Art By USC's Hegazy, Hextrum Featured By NCAA
Jan. 5, 2009
USC swimmer Dina Hegazy and Trojan rower Robin Hextrum are among 20 NCAA student-athlete artists who are being featured in Champion Magazine and will be included in a special show at the NCAA Convention in Washington, D.C., Jan. 13-17, that spotlights student-athletes' talents on canvasses and in kilns instead of on fields and courts.
The first-of-its-kind art show at the Gaylord National is called 'Statements' and features the work of the following student-athletes:
* Robin Hextrum, Southern California (rowing, painting)
* Julia Hopson, Fredonia State (track, illustration and photography)
* Anya Rosen, Carnegie Mellon (soccer, painting)
* Karyn Jordahl, Edgewood (volleyball, photography)
* Adrienne Spivak, Occidental (soccer, painting)
* Tim Rusterholz, Virginia Commonwealth (track, sculpture)
* Nubia Garcia, Montana State (basketball, photography)
* Dexter Larimore, Ohio State (football, sculpture)
* Sarah Lee, Chapman (water polo, photography)
* Derek Cheng, Johns Hopkins (track, sculpture and illustration)
* Allison LaChance, RIT (rowing, painting and illustration)
* Kristina Baskett, Utah (gymnastics, photography)
* Kurt Gardiner, Greensboro (soccer, painting)
* Julie Rader, Oklahoma State (track, fashion design and jewelry)
* Jessie Gallagher, Lycoming (swimming, photography)
* Nick Schneiders, South Carolina Upstate (basketball, graphic design)
* Whitney Taylor, Bowling Green (basketball, photography and illustration)
* Allison Papko, Bethel (Minnesota) (ice hockey, illustration and graphic design)

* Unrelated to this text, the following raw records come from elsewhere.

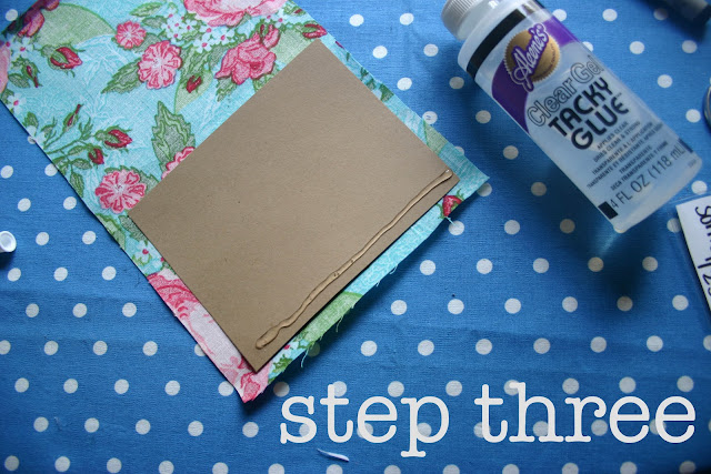 3. place cardstock on the top half of the fabric (wrong side), run a line of glue along the edge then fold fabric over.
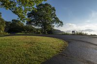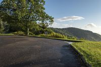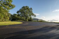 A low light dawn illuminates a tree-lined road in North Carolina, USA. The asphalt road curves through the lush forest, offering a scenic landscape with open space and green vegetation. The clear sky and sunshine add to the beauty of this recreational destination in the Appalachian region.
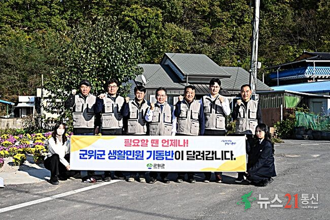 대구광역시 군위군(군수 김진열)은 각종 생활 속 불편 사항을 해결해 주는 ‘군위군 생활민원 기동반’을 이달부터 연말까지 시범운영 한다고 밝혔다. 군위군은 이와 관련해 사단법인 어울림 청년연합회와 생활민원 기동반 시범운영을 위한 위․수탁 협약을 체결한 바 있다. 김진열 군위군수는 현장 중심의 행정서비스를 실현하고 군...
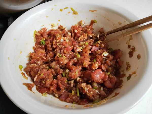 3.取一塊豬肉,喜歡吃香一點的最好用五花肉,切碎剁成肉餡後放入盆中,然後再加入適量的蔥花和薑末攪拌均勻,接著倒入生抽、味極鮮、蠔油、胡椒粉、香油、花椒油,將肉餡攪拌粘稠後醃制半個小時左右,讓肉餡充分地入味。

* Brittany King, Wheaton (Massachusetts) (lacrosse, painting)
* Dina Hegazy, Southern California (swimming, photography)
The first 13 student-athletes will be featured in the January print issue of the NCAA's Champion magazine (the others will be represented in the online version of the publication), including personal statements about their work, how it relates to their athletics accomplishments, and self-portraits that are in many cases as creative as the work itself. Some of the student-athlete work is sports-related, but most reflects other aspects of life.
'We're all familiar with the tagline on the NCAA's promotional ads that say `There are more than 400,000 student-athletes and most of them will go pro in something other than sports' - well, this is a visual manifestation of that,' said the NCAA's Damon Schoening, who as director of brand strategies and events is co-directing the show. 'This is a chance to display the talents of a cross-section of student-athletes diverse in sport, division and background. They truly represent what the NCAA is all about.'
Arnel Reynon from the design and print firm Sport Graphics in Indianapolis is assisting Schoening. 'The work represented in the show will appeal to a wide-ranging audience,' Reynon said. 'It is a very national collection that includes an entire spectrum of media - from oil and acrylic on canvas to digital photography and clay. While the NCAA membership at the Convention already knows that student-athletes have many skills beyond athletics completion, the show will be a visual reaffirmation of that notion.'
The concept of a show emerged after Champion magazine solicited the student-athlete population through listservs and conference and institutional sports information directors for accomplished student-athlete artists. Almost two dozen were selected from more than 100 worthy nominees.
Many of the student-athletes have displayed their works in other forums. Works by USC's Hextrum and Hegazy have appeared in an on-campus show called 'Artletics' that focuses entirely on student-athlete work.
'The student-athletes feel really good about this type of recognition,' said USC ceramics department head and Artletics director Karen Koblitz. 'They think, `Here I am being recognized for something besides athletics, which I've been recognized for my whole life.' It's an enlightening change of pace for them.'
Many of the student-athletes will attend the Statements show at the Convention and participate in an opening reception Wednesday, January 14, at 5 p.m. The show will be staged in the Café area located between the hotel's sleeping rooms and convention center.
Schoening said the show may be replicated in Indianapolis later this winter, though plans are preliminary at this point. The January issue of Champion will be distributed the week of Convention and be available online (www.NCAAChampionMagazine.org) by January 19.